Würde sie sich ärgern, dass niemand das Produkt wertschätzt?
Würden sie sich beschweren, dass jemand anderes mehr Aufmerksamkeit bekommt?
Ich denke NEIN!
Wir stehen im Zugzwang, die Relevanz unseres Arbeitsbereichs zu verdeutlichen und die Vorteile und Mehrwerte aufzuzeigen.
Wer ein hochwertiges Produkt hat, darf dieses auch entsprechend kommunizieren und verkaufen.
Was ist unser USP?
Wie bekommen wir den Stellenwert unsere Arbeit gut vermittelt?
Was unterscheidet die Qualität unserer Arbeit konkret! von Anderen?
Im Bereich Gesundheit versuchen wir oft, über rationale Argumente, Erfahrung, Zertifikate und Sachlichkeit zu überzeugen.
Das mag möglicherweise altmodisch und nicht zeitgemäß zu sein. Anstatt das Argument zu kommunizieren, dass wir besser und länger ausgebildet wurden und Leitlinien zu unserer Arbeit existieren, sollten wir auch klar und verständlich kommunizieren, welchen Mehrwert wir tatsächlich liefern können.

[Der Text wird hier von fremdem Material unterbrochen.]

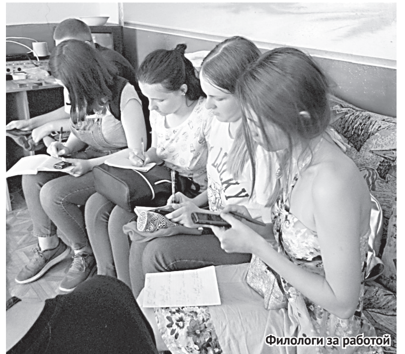
Филологи за работой

стигла гроза! Было очень страшно, и чтобы отвлечься от нагнетающих мыслей, мы решили запеть «Катюшу». Представляете эту картину? Горы, гром, молнии, сильный ветер и две девчонки с рюкзаками за плечами бегут и кричат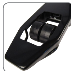
Con las ruedas de carga gemelas es muy fácil cambiar de dirección.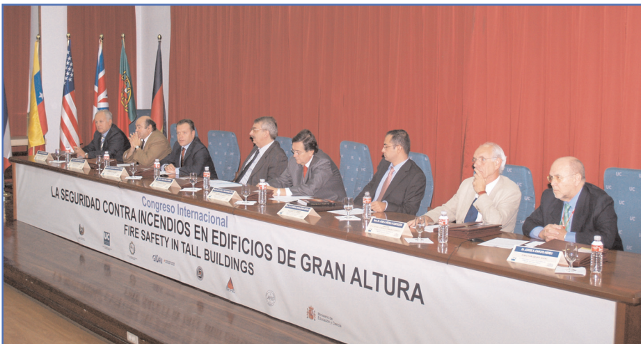
Vista general de la Mesa Presidencial, en el Aula Magna de la E.T.S. de Ing. de Caminos, Canales y Puertos, durante las palabras de apertura de la Sesión Inaugural del Congreso Internacional.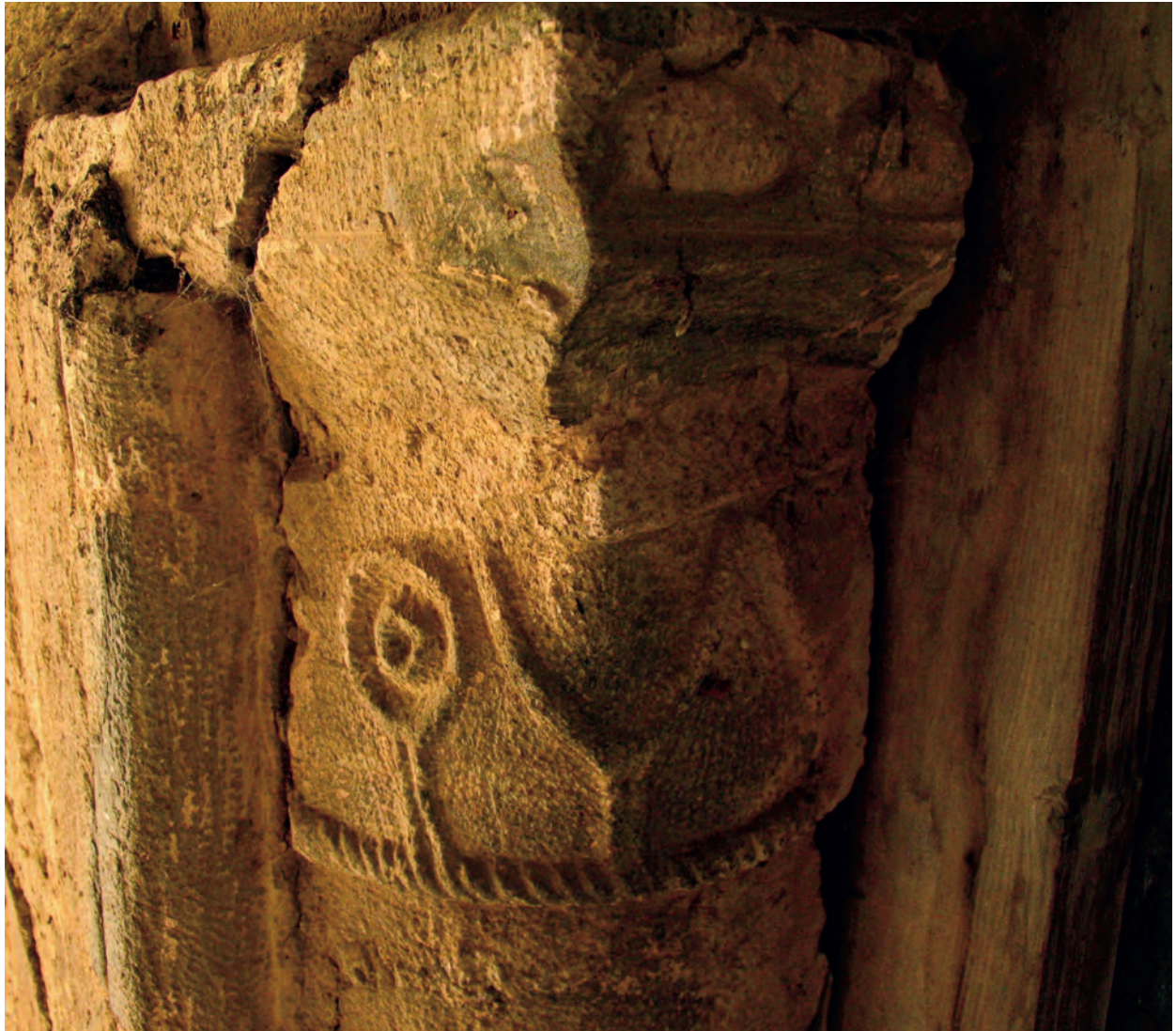
Capitel de la portada oeste

En el interior, Villaverde no presenta ningún tipo de complejidad estructural. Su arco triunfal es apuntado, su capilla cuadrada se cubre con bóveda de cañón de similar disposición apuntada. En el lado oeste tiene añadida una capilla, y en el lado norte de la cabecera una sacristía. La iglesia, según indica una inscripción conmemorativa alojada sobre la portada, fue reformada en 1713 reinando Felipe V.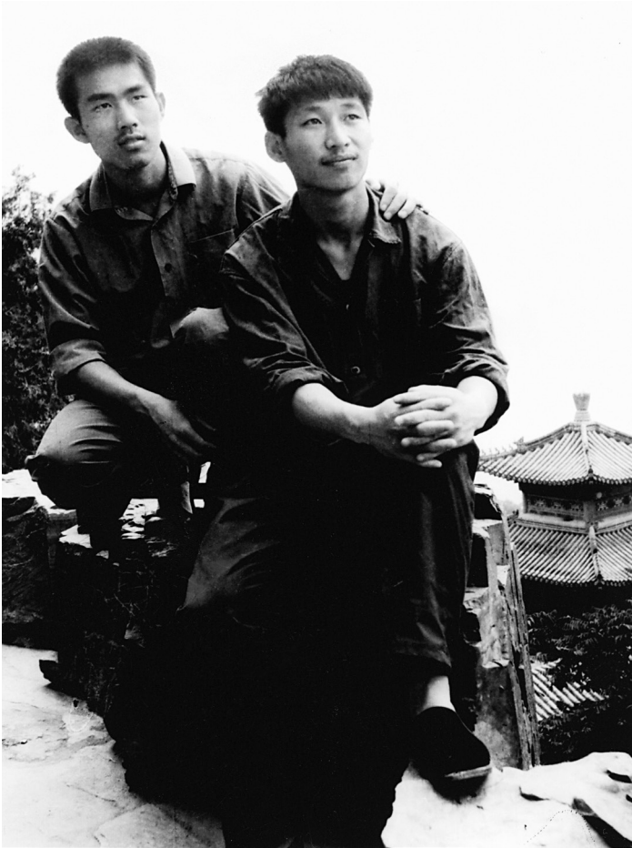
Ova fotografija je snimljena 1977, kad je bio student na univerzitetu Cinghua (desno).

In einer professionellen Ernährungsberatung geht um die emotionale Unterstützung, das Eingehen auf individuelle Bedürfnisse und das Verständnis für die psychologischen Aspekte der Ernährung.
Wir können Menschen auf ihrem Weg zu einer gesünderen Lebensweise begleiten, nicht nur mit Wissen, sondern vor allem mit Empathie und einer individuellen, auf den Einzelnen abgestimmten Betreuung. Hierauf sollten auch wir in Zukunft mehr Aufmerksamkeit legen… denn die Psychologie hinter dem Essverhalten hat einen Stellenwert, der auch als Mehrwert in unserer Arbeit betrachtet werden kann.
(Auch, damit wir eben nicht einfach durch ein Software-Programm ersetzt werden können).
Lasst uns gemeinsam dafür sorgen, dass die Bedeutung unserer Arbeit in der Gesellschaft angemessen existiert … und dann auch entsprechend als „wertig“ wahrgenommen wird … dann haben wir es hoffentlich auch nicht mehr nötig um Wertschätzung betteln zu müssen.